_Task to carry out_
All pictures are to be omitted while the lines starting at the line with "民主潮社出版《民主潮》雜誌第26卷第1期總號431號" and ending at the line with "- Green And" in the material below are retyped exactly, both ends included.

_Source material_
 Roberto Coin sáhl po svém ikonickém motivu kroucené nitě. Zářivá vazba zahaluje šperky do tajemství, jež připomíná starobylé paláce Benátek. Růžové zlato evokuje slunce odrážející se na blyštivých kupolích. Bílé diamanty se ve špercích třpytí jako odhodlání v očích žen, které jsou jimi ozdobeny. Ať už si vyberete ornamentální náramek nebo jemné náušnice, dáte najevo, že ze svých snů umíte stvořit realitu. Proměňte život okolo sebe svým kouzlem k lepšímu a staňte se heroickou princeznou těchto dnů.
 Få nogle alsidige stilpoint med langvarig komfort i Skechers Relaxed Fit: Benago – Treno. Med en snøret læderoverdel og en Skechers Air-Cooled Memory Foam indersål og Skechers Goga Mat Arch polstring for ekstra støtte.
* * *
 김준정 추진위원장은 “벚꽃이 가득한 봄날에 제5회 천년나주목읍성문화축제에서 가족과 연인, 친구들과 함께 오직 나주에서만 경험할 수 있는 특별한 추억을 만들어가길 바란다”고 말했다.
...
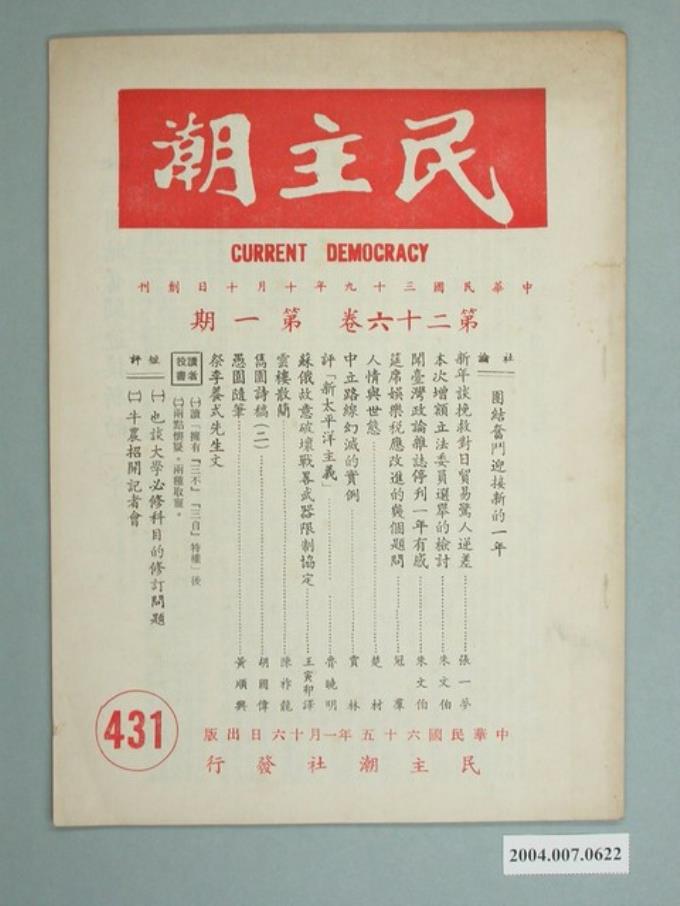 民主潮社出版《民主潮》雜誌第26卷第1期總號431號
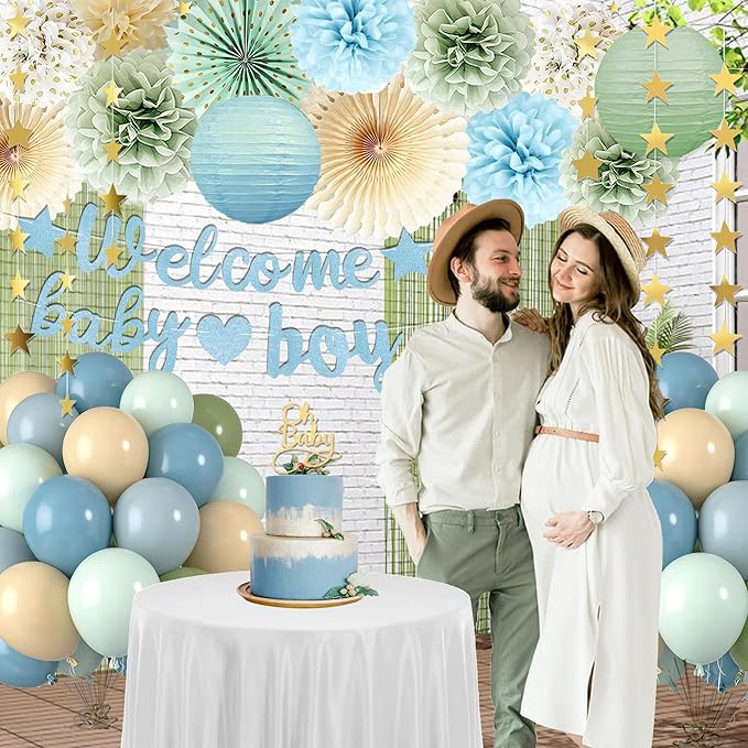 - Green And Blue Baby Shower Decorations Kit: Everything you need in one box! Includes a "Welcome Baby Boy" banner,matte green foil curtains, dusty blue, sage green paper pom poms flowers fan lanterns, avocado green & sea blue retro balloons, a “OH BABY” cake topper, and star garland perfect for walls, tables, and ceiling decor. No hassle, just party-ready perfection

_Completed task_
 民主潮社出版《民主潮》雜誌第26卷第1期總號431號
 - Green And Blue Baby Shower Decorations Kit: Everything you need in one box! Includes a "Welcome Baby Boy" banner,matte green foil curtains, dusty blue, sage green paper pom poms flowers fan lanterns, avocado green & sea blue retro balloons, a “OH BABY” cake topper, and star garland perfect for walls, tables, and ceiling decor. No hassle, just party-ready perfection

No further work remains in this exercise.